* PROMPT *
Could you retype exactly the line containing "活动现场,科普展板整齐排列,内容涵盖应急" and every line after it in the data below, leaving out the pictures?

* MATERIAL PROVIDED *
※ ※ ※

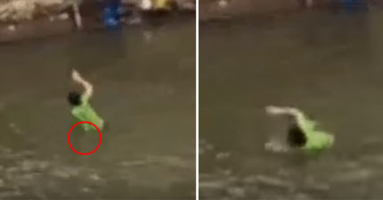 女子在河邊洗衣服時「明顯被水鬼」用力拉回水中,影片中動作一點都不假!
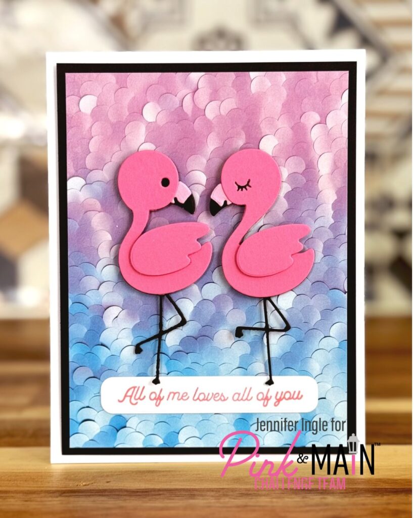 Jennifer picked the perfect pink animals for her Color Challenge card, using The Three Flamingos Dies! She paired them with the Mermaid Seas Paper Pack, which has lots of pink options throughout.
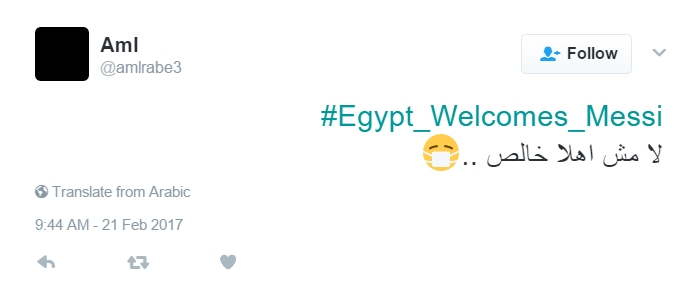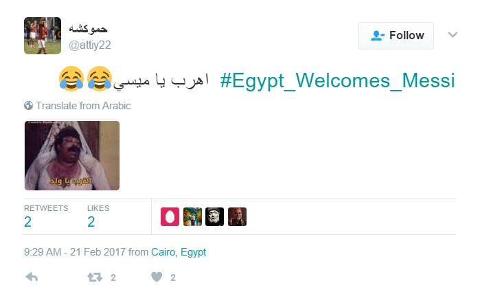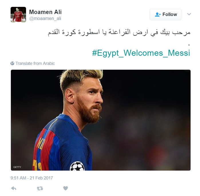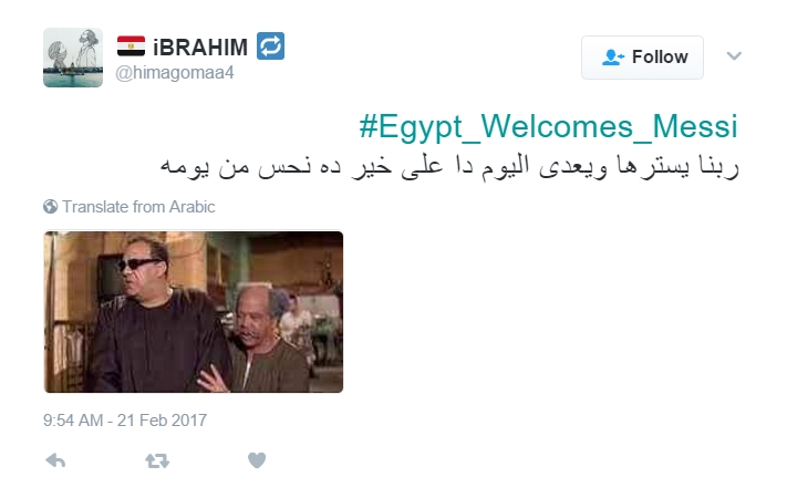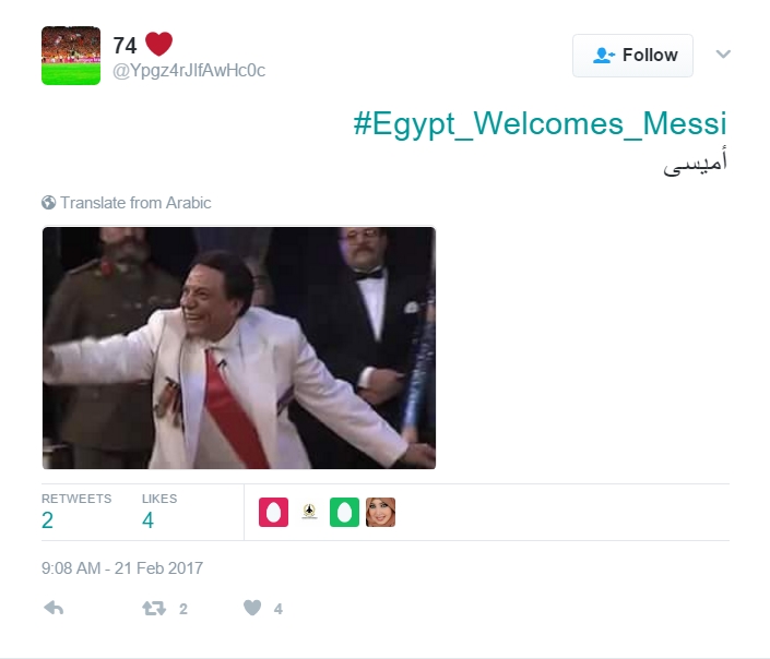 ودشن رواد موقع التدوينات الصغير “تويتر” هاشتاج باسم ” #egypt_welcomes_messi”، للترحيب باللاعب على أرض مصر، ليتصدر قائمة الأوسمة الاكثر انتشارًا في مصر.
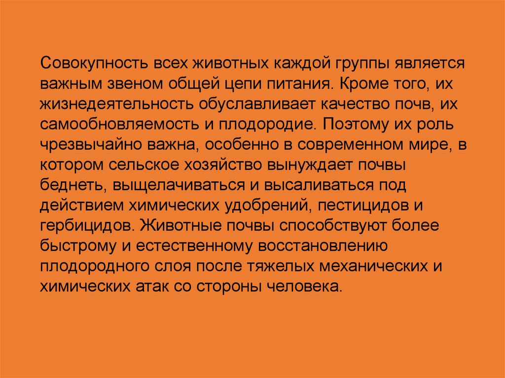 Совокупность всех животных каждой группы являетсяважным звеном общей цепи питания. Кроме того, их
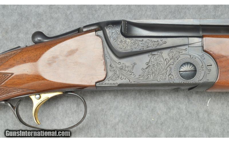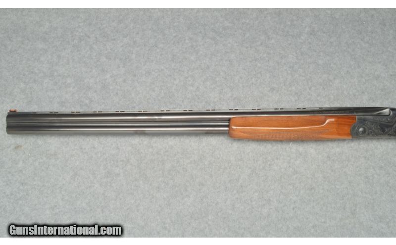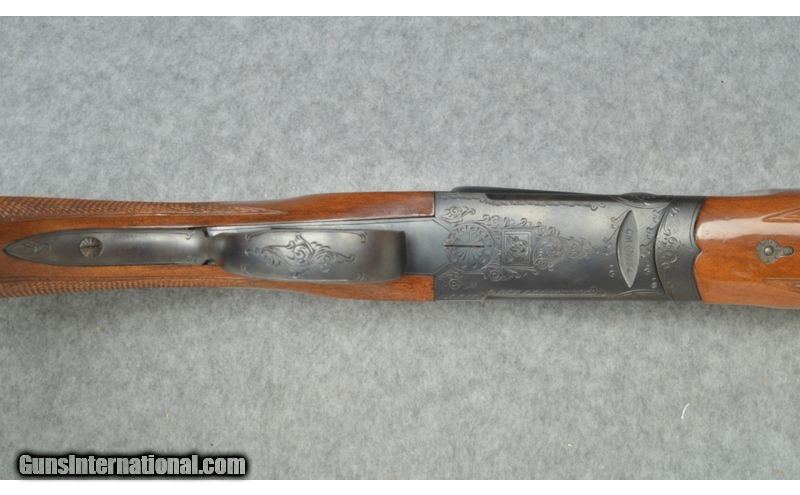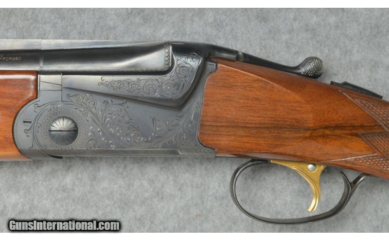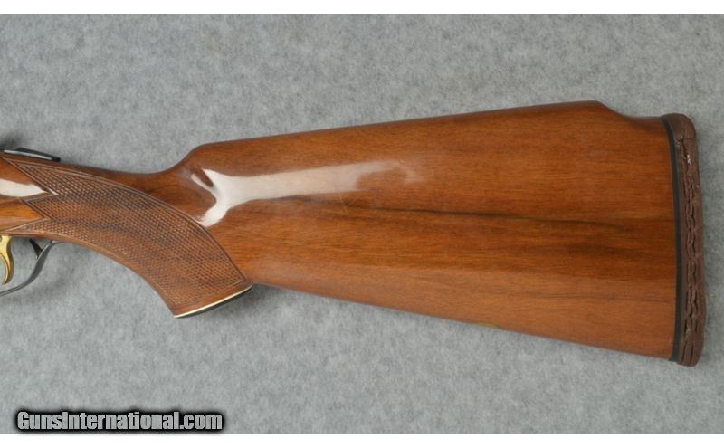 Description: This Ithaca 600 is in excellent condition with 30 inch blue vent rib over under barrels that have very clean and bright bores. The stock is in very good condition with some very minor field mark. The metal is in excellent condition with no mark and looks great with the engrave receiver. The butt pad is wore but has no chips. This shotgun was custom built for Ithaca by SKB. Over all this is a very good looking shotgun that would be great for shooting trap or hunting and even would look great in a collection. SOLD Caliber Info: 12 Ga Chambers: 2 3/4 inch over under chamber with a break action and extractors. Metal Condition: Excellent. Wood Condition: Very good. Bore Condition: Clean and bright. Barrels: 30 inch blue vent rib over under barrels. Triggers: Single gold plated trigger. Stock: Walnut wood stock with checkering on the pistol grip. Stock Dimensions: 14 1/4 inch LOP. Fore End: Matching walnut fore arm with checkering. Butt Pad: Ithaca brown butt pad. Weight: 8 Lbs. Sights: One silver bead sight in the middle and a front red fiber sight. Chokes: Mod / Full fixed chokes. Item Location: Sun Prairie, WI |
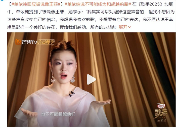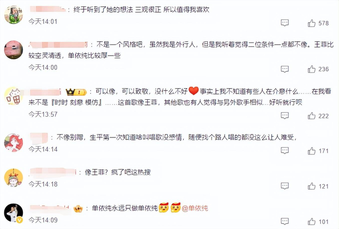 随着这股热潮愈演愈烈,单依纯于5月24日通过微博回应称:“我只是想唱我爱听的歌,保留并传达我的表达方式。”言语之间尽显对王菲的敬意,然而网友们却并不买账:“等火了才想着谦虚?”
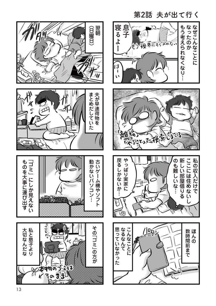 #無職の夫に捨てられました 2話 1/3 #漫画の読めるハッシュタグ #コミックエッセイ #離婚 「家族」を」捨てて「ゴミ」を持って。
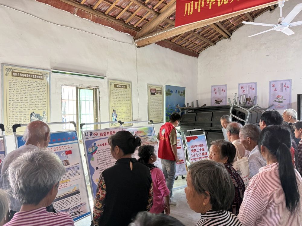 活动现场,科普展板整齐排列,内容涵盖应急救护、二十届三中全会精神解读、防溺水安全教育、健康饮食指南、航天航空知识等多个领域。科普志愿者用通俗易懂的语言为村民讲解实用知识,比如“海姆立克急救法如何操作?”、“夏季防溺水要注意哪些事项?”村民们纷纷驻足聆听,时不时提问交流,现场氛围热烈。
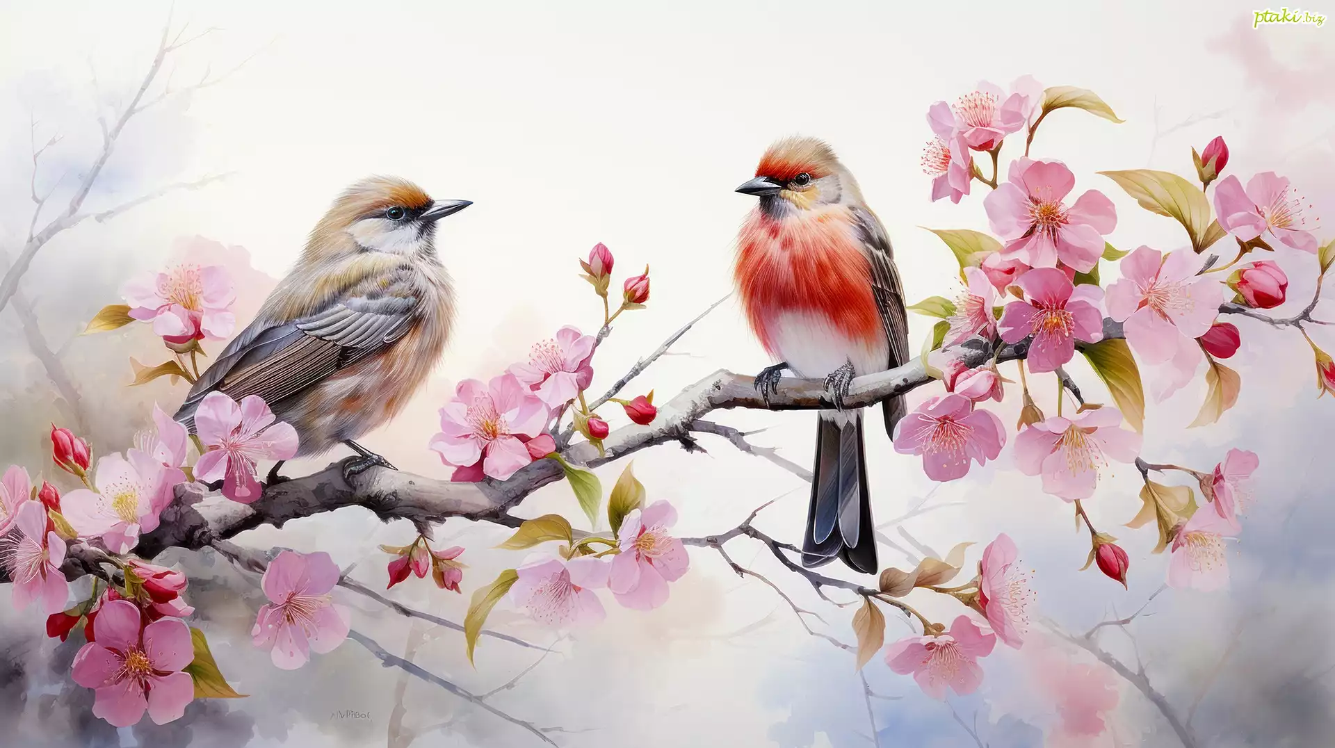 Kolorowe, Ptaki, Gałąź, Kwiaty, Wiosna, Grafika

※ ※ ※

* WRITTEN REPLY *
 活动现场,科普展板整齐排列,内容涵盖应急救护、二十届三中全会精神解读、防溺水安全教育、健康饮食指南、航天航空知识等多个领域。科普志愿者用通俗易懂的语言为村民讲解实用知识,比如“海姆立克急救法如何操作?”、“夏季防溺水要注意哪些事项?”村民们纷纷驻足聆听,时不时提问交流,现场氛围热烈。
 Kolorowe, Ptaki, Gałąź, Kwiaty, Wiosna, Grafika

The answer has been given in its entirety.